In [12]:
import pandas as pd
import numpy as np

In [13]:
# Load
flights = pd.read_csv('Dataset/Flight_Level_Data.csv')
pnr_flight = pd.read_csv('Dataset/PNR_Flight_Level_Data.csv')
pnr_remarks = pd.read_csv('Dataset/PNR_Remark_Level_Data.csv')
airports = pd.read_csv('Dataset/Airports_Data.csv')
bags = pd.read_csv('Dataset/Bag_Level_Data.csv')

In [14]:
# ------------------ PNR FLIGHT LEVEL DATA ------------------
pnr_flight = pnr_flight.drop_duplicates()
print("PNR_Flight columns:", pnr_flight.columns.tolist())  # Inspect for cleaning

count_cols = ['total_pax', 'lap_child_count', 'basic_economy_pax']
for col in count_cols:
    if col in pnr_flight.columns:
        pnr_flight[col] = pd.to_numeric(pnr_flight[col], errors='coerce').fillna(0)

if 'is_child' in pnr_flight.columns:
    pnr_flight['is_child'] = pnr_flight['is_child'].astype(str).str.lower().map({'true': 1, 'false': 0, 'yes': 1, 'no': 0})

if 'is_stroller_user' in pnr_flight.columns:
    pnr_flight['is_stroller_user'] = pnr_flight['is_stroller_user'].astype(str).str.lower().map({'true': 1, 'false': 0, 'yes': 1, 'no': 0})

if 'company_id' in pnr_flight.columns:
    pnr_flight['company_id'] = pnr_flight['company_id'].astype(str).str.upper().str.strip()

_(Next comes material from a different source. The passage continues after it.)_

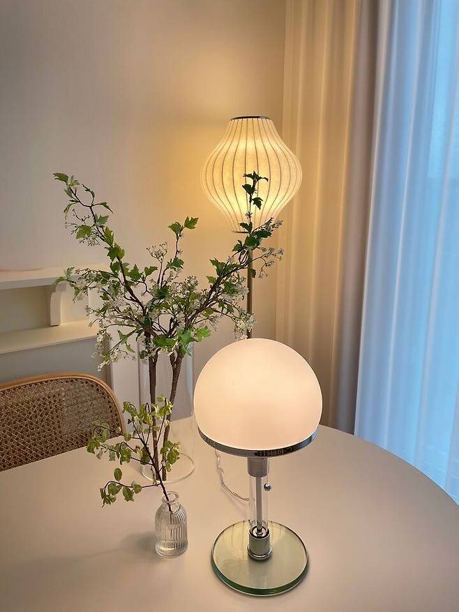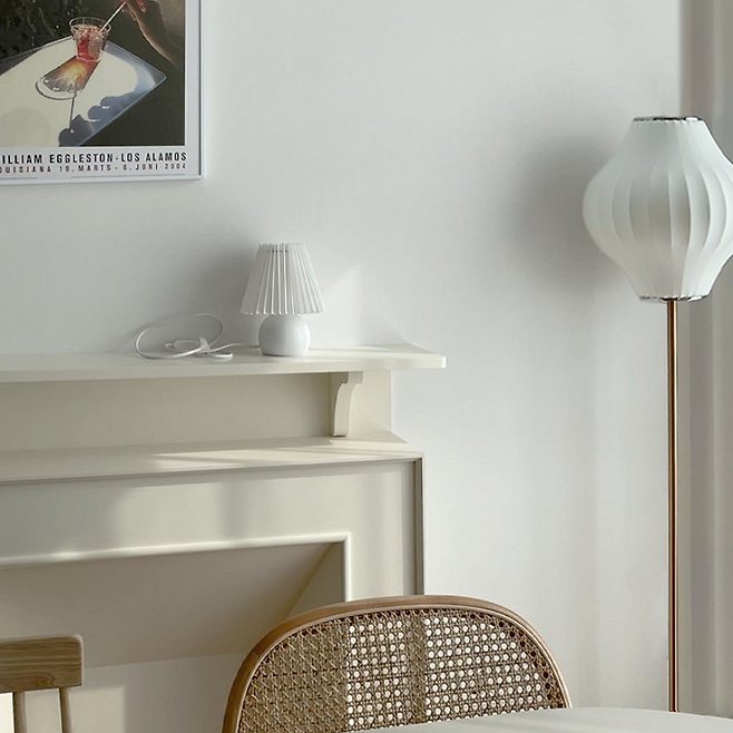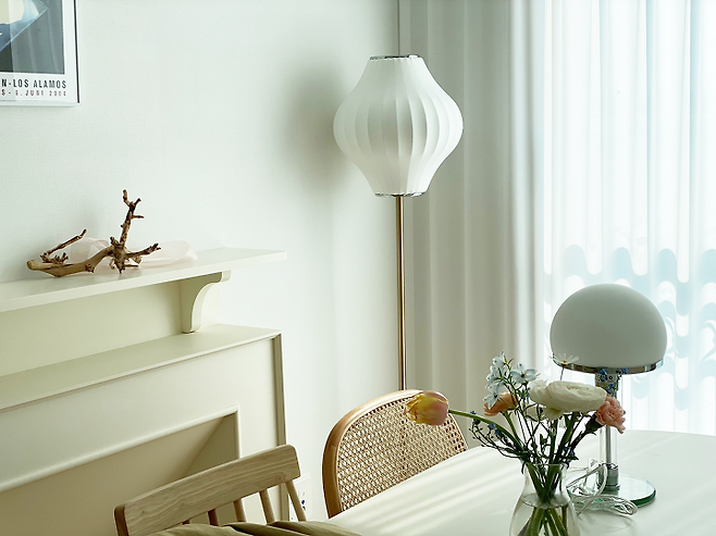 이 방의 포인트 색상은 화이트, 우드입니다. 좋아하는 스타일의 조명도 듬뿍 넣어 어둠이 내리는 밤, 비 오는 날에 더욱 로맨틱해져요!
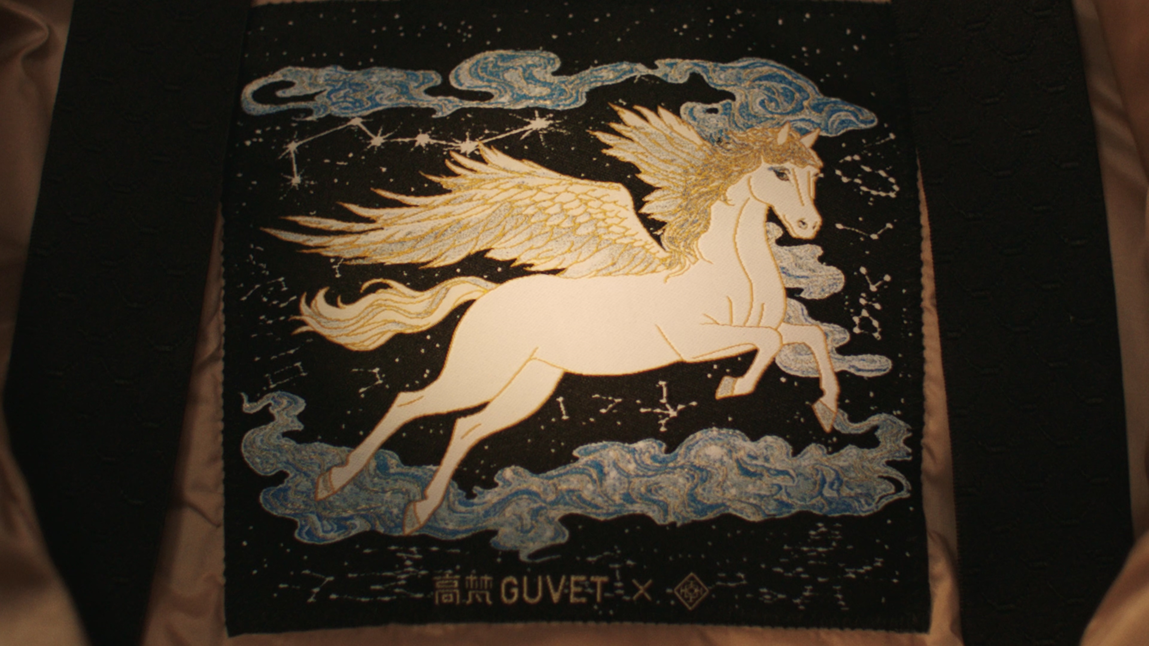 黑金龙锦金-非遗云锦鹅绒服以梦为马图案

PNR_Flight columns: ['company_id', 'flight_number', 'scheduled_departure_date_local', 'scheduled_departure_station_code', 'scheduled_arrival_station_code', 'record_locator', 'pnr_creation_date', 'total_pax', 'is_child', 'basic_economy_ind', 'is_stroller_user', 'lap_child_count']


In [15]:
# ------------------ FLIGHT LEVEL DATA ------------------
flights = flights.drop_duplicates()

date_cols = [
    'scheduled_departure_datetime_local', 'scheduled_arrival_datetime_local',
    'actual_departure_datetime_local', 'actual_arrival_datetime_local'
]
for col in date_cols:
    if col in flights.columns:
        flights[col] = pd.to_datetime(flights[col], errors='coerce')

num_cols = ['total_seats', 'scheduled_ground_time_minutes', 'actual_ground_time_minutes', 'minimum_turn_minutes']
for col in num_cols:
    if col in flights.columns:
        flights[col] = pd.to_numeric(flights[col], errors='coerce')
        flights[col] = flights[col].fillna(flights[col].median())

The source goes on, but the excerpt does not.